◆ **INSTRUCTIONS FOR THE TASK**
Output only the stretch of the listing that starts at the line containing "wählen und Ihre" and ends at the line containing "根据2019年的录取情况来看", reproduced exactly with both ends.

◆ **RECORD EXCERPTS**
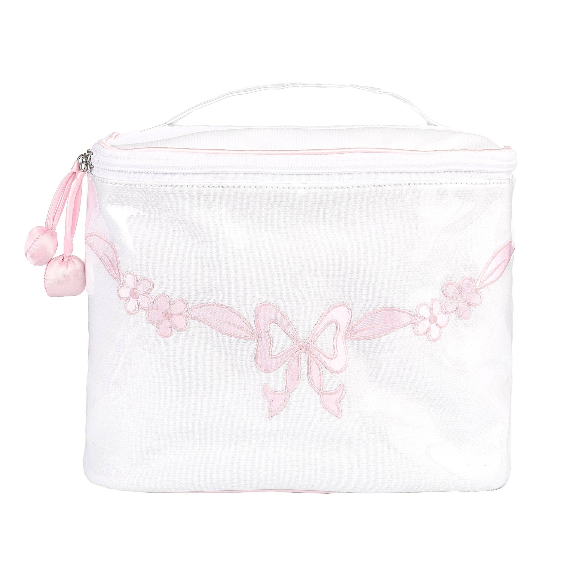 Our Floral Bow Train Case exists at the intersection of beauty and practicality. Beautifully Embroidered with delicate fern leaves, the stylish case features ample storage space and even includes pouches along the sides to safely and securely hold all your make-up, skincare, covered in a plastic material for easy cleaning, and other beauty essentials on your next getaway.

--

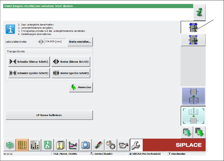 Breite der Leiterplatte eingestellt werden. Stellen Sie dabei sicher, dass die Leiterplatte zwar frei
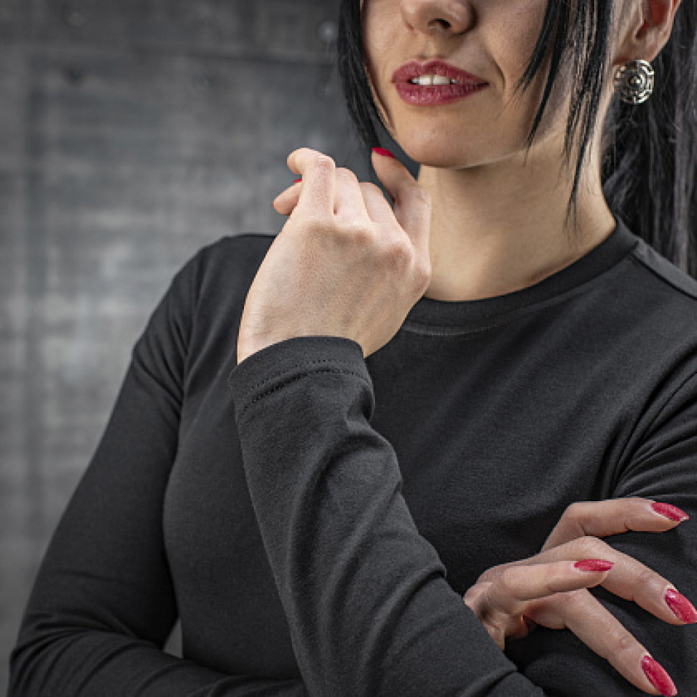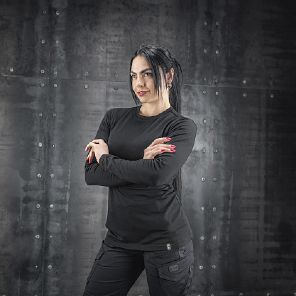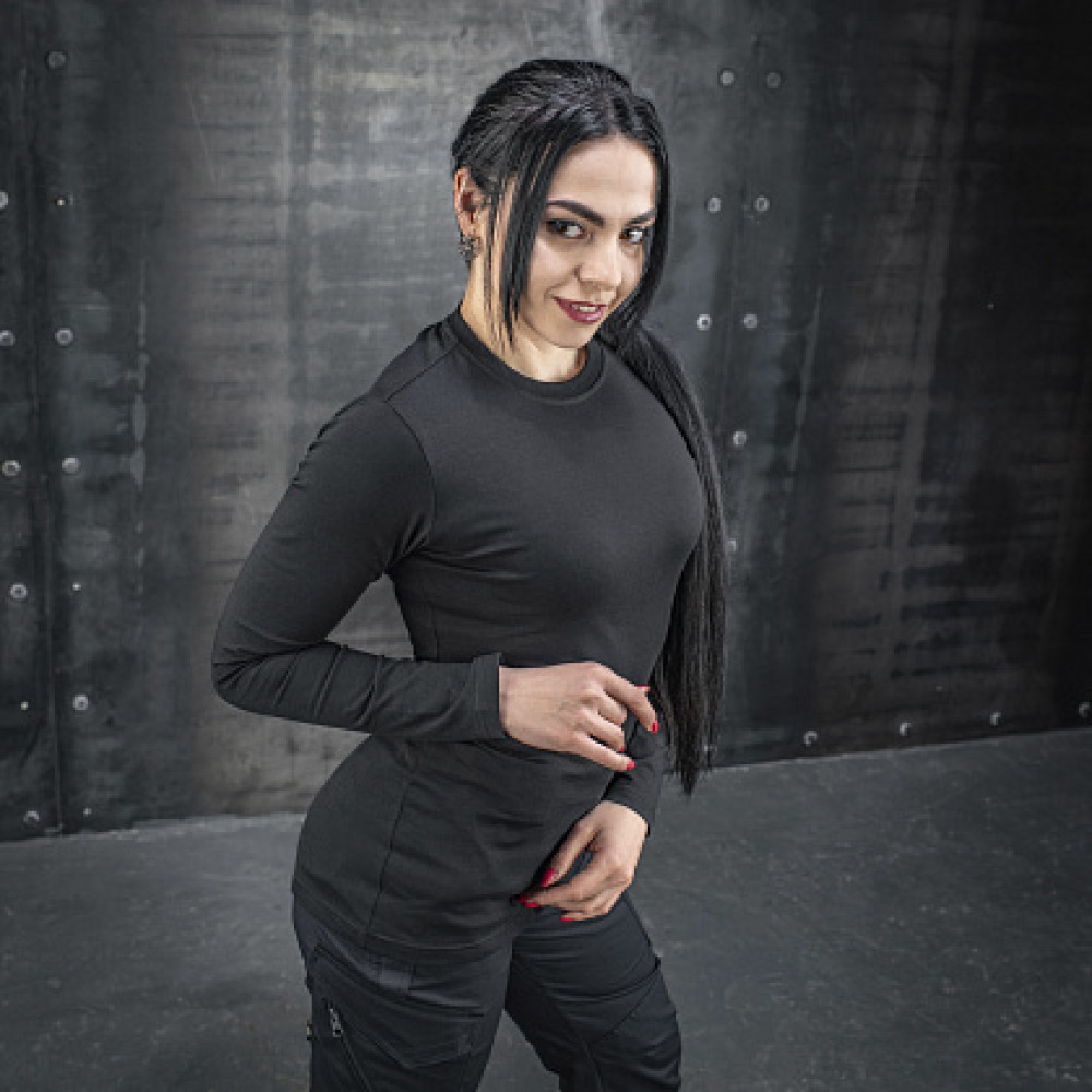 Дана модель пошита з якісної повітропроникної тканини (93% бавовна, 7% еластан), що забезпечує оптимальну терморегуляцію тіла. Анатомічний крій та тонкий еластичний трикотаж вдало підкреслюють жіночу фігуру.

--

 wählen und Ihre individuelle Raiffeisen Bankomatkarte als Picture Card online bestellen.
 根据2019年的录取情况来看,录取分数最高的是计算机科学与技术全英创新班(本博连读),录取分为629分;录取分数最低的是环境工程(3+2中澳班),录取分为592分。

◆ **COMPLETED EXERCISE**
 wählen und Ihre individuelle Raiffeisen Bankomatkarte als Picture Card online bestellen.
 根据2019年的录取情况来看,录取分数最高的是计算机科学与技术全英创新班(本博连读),录取分为629分;录取分数最低的是环境工程(3+2中澳班),录取分为592分。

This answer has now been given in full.